Records contained in a dataset
↓

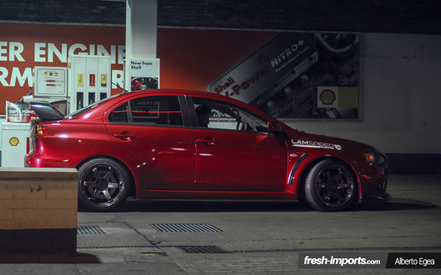 La primera parada de la noche, para no perder la costumbre, fue en una gasolinera. Aquí Ramin repostó con su Lancer Evolution X.
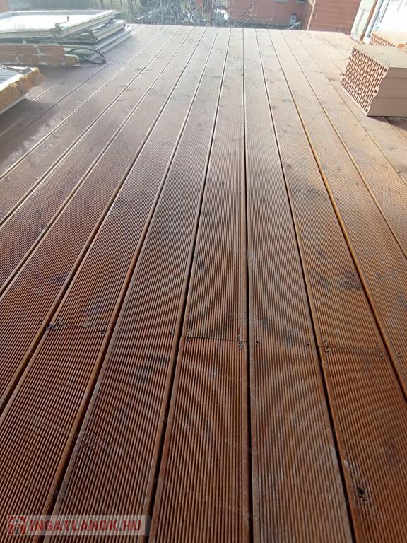 -A földszinten és az emeleten is egységesen 20nm a terasz került kialakításra, biztosítva minden kényelmi funkciót. A felső teraszt egy 40*40-es , 6 méteres fenyő gerenda tartja
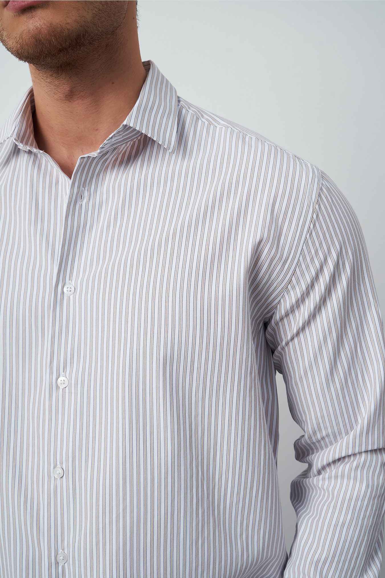 Elevate your professional wardrobe with this striped dress shirt that perfectly balances relaxed comfort with sophisticated style, designed for the modern gentleman who values both quality and versatility.
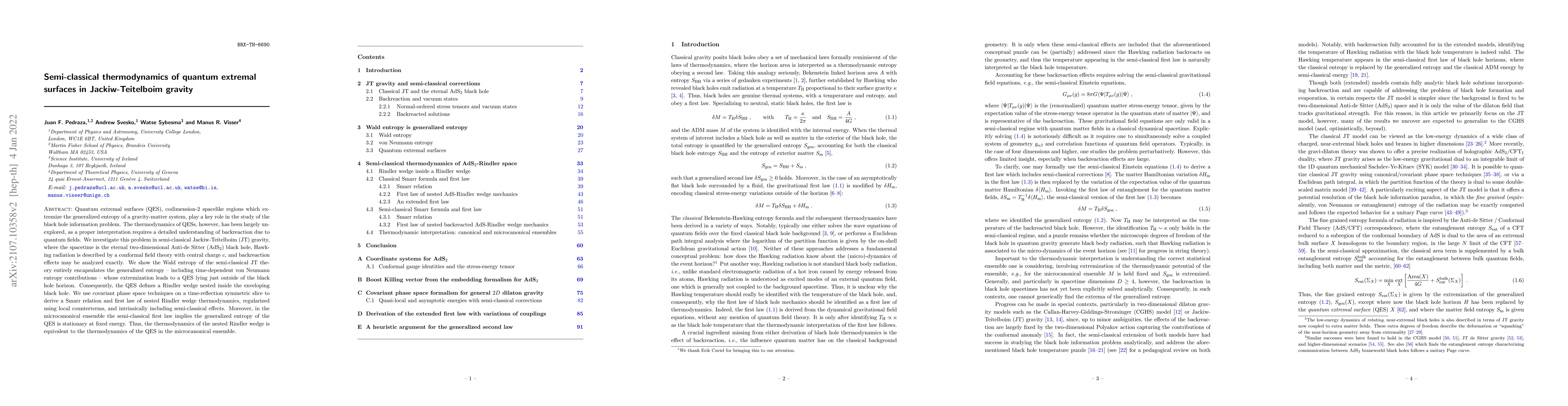 The paper derives a Smarr relation and first law for nested Rindler wedges in semi-classical JT gravity, incorporating backreaction effects and providing a detailed analysis of quantum extremal surfaces.
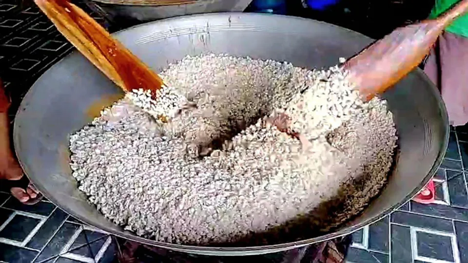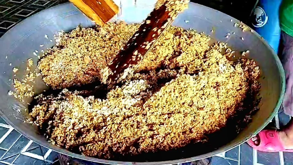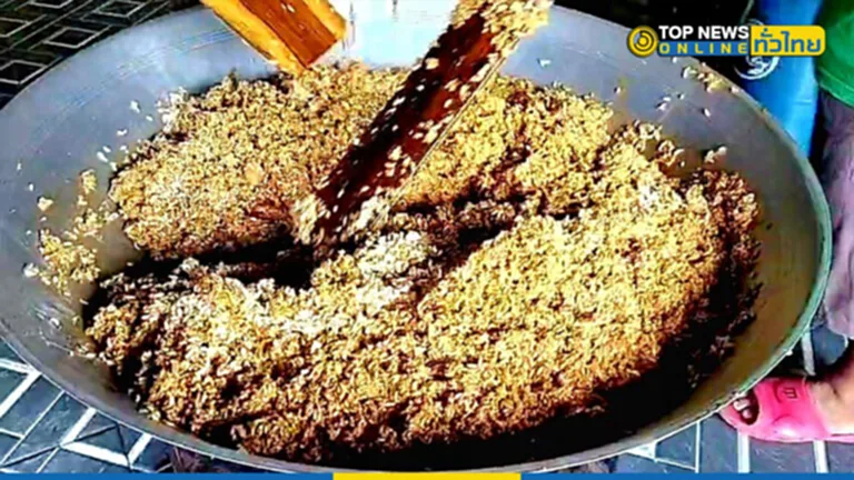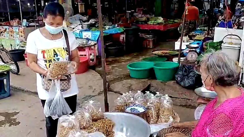 นางคนึงนิจ ประสมโสม อายุ 54 ปี ลูกสาวคุณยาย เล่าว่า ตนกับและครอบครัวซึ่งช่วยกันทำขนมกระยาสารทมานานกว่า 50 ปีแล้ว โดยได้สูตรมาจากคุณตาคุณยายและรุ่นแม่ จนมาถึงรุ่นตนทุกวันนี้ โดยช่วยกันทำ 3 คนพี่น้อง ช่วยกันกวน และนำไปขายช่วยกันตามตลาดในเขตกบินทร์บุรี ขายที่ตลาดเม่งหลี และตลาดกบินทร์บุรีในช่วงเช้า 05.00 น. – 12.00 น. ของทุกวัน และเสาร์อาทิตย์ 13.00 น. – 19.00 น. จะมาขายที่ตลาดทิพย์ท็อปกบินทร์บุรี ส่วนวันพุธก็จะขายอยู่ที่ตลาด ในช่วงนี้ใกล้เทศกาลสารทไทยและสารลาว ราคาเริ่มที่ 160 บาท/กิโลกรัม
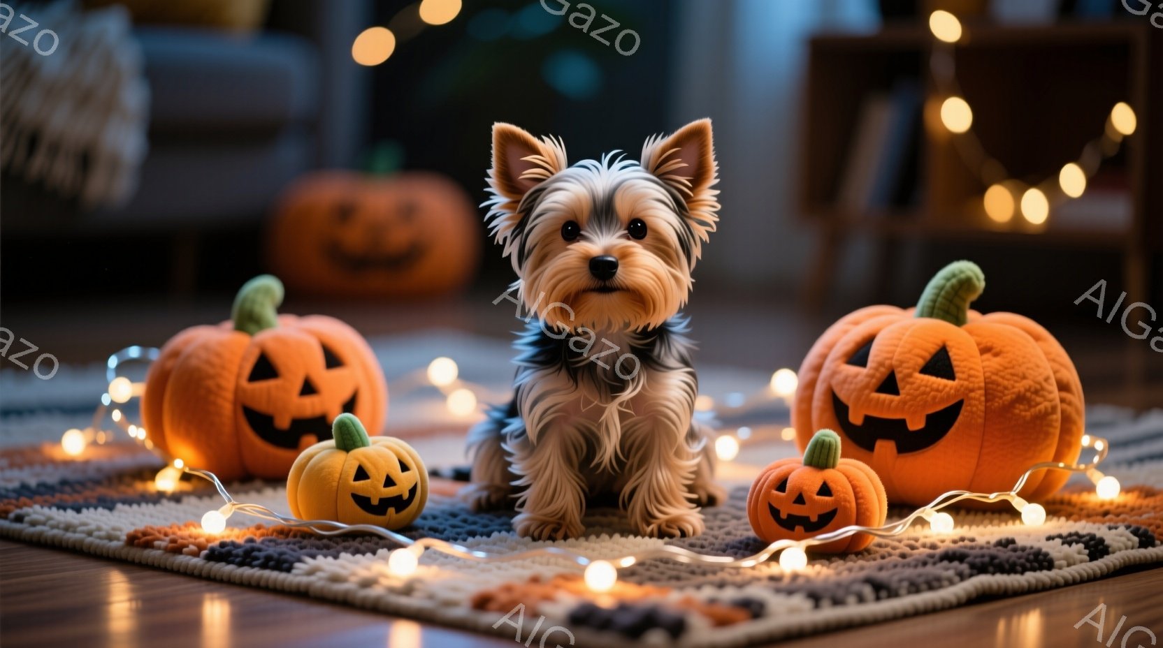 小さなヨークシャーテリアが、ハロウィーンの飾りである数個のジャック・オ・ランタンに囲まれて座っています。犬は首輪をつけており、真剣な表情で正面を見ています。背景には、ぼやけたリビングルームの一部が見え、温かい色のフェアリーライトが敷かれた丸いラグを囲んで配置されています。

↑

> [What is needed]:
A word-for-word copy of the lines from the one containing "The paper derives" through the last line of the records is what is wanted, without pictures and without any other line.

> [Task solution]:
 The paper derives a Smarr relation and first law for nested Rindler wedges in semi-classical JT gravity, incorporating backreaction effects and providing a detailed analysis of quantum extremal surfaces.
 นางคนึงนิจ ประสมโสม อายุ 54 ปี ลูกสาวคุณยาย เล่าว่า ตนกับและครอบครัวซึ่งช่วยกันทำขนมกระยาสารทมานานกว่า 50 ปีแล้ว โดยได้สูตรมาจากคุณตาคุณยายและรุ่นแม่ จนมาถึงรุ่นตนทุกวันนี้ โดยช่วยกันทำ 3 คนพี่น้อง ช่วยกันกวน และนำไปขายช่วยกันตามตลาดในเขตกบินทร์บุรี ขายที่ตลาดเม่งหลี และตลาดกบินทร์บุรีในช่วงเช้า 05.00 น. – 12.00 น. ของทุกวัน และเสาร์อาทิตย์ 13.00 น. – 19.00 น. จะมาขายที่ตลาดทิพย์ท็อปกบินทร์บุรี ส่วนวันพุธก็จะขายอยู่ที่ตลาด ในช่วงนี้ใกล้เทศกาลสารทไทยและสารลาว ราคาเริ่มที่ 160 บาท/กิโลกรัม
 小さなヨークシャーテリアが、ハロウィーンの飾りである数個のジャック・オ・ランタンに囲まれて座っています。犬は首輪をつけており、真剣な表情で正面を見ています。背景には、ぼやけたリビングルームの一部が見え、温かい色のフェアリーライトが敷かれた丸いラグを囲んで配置されています。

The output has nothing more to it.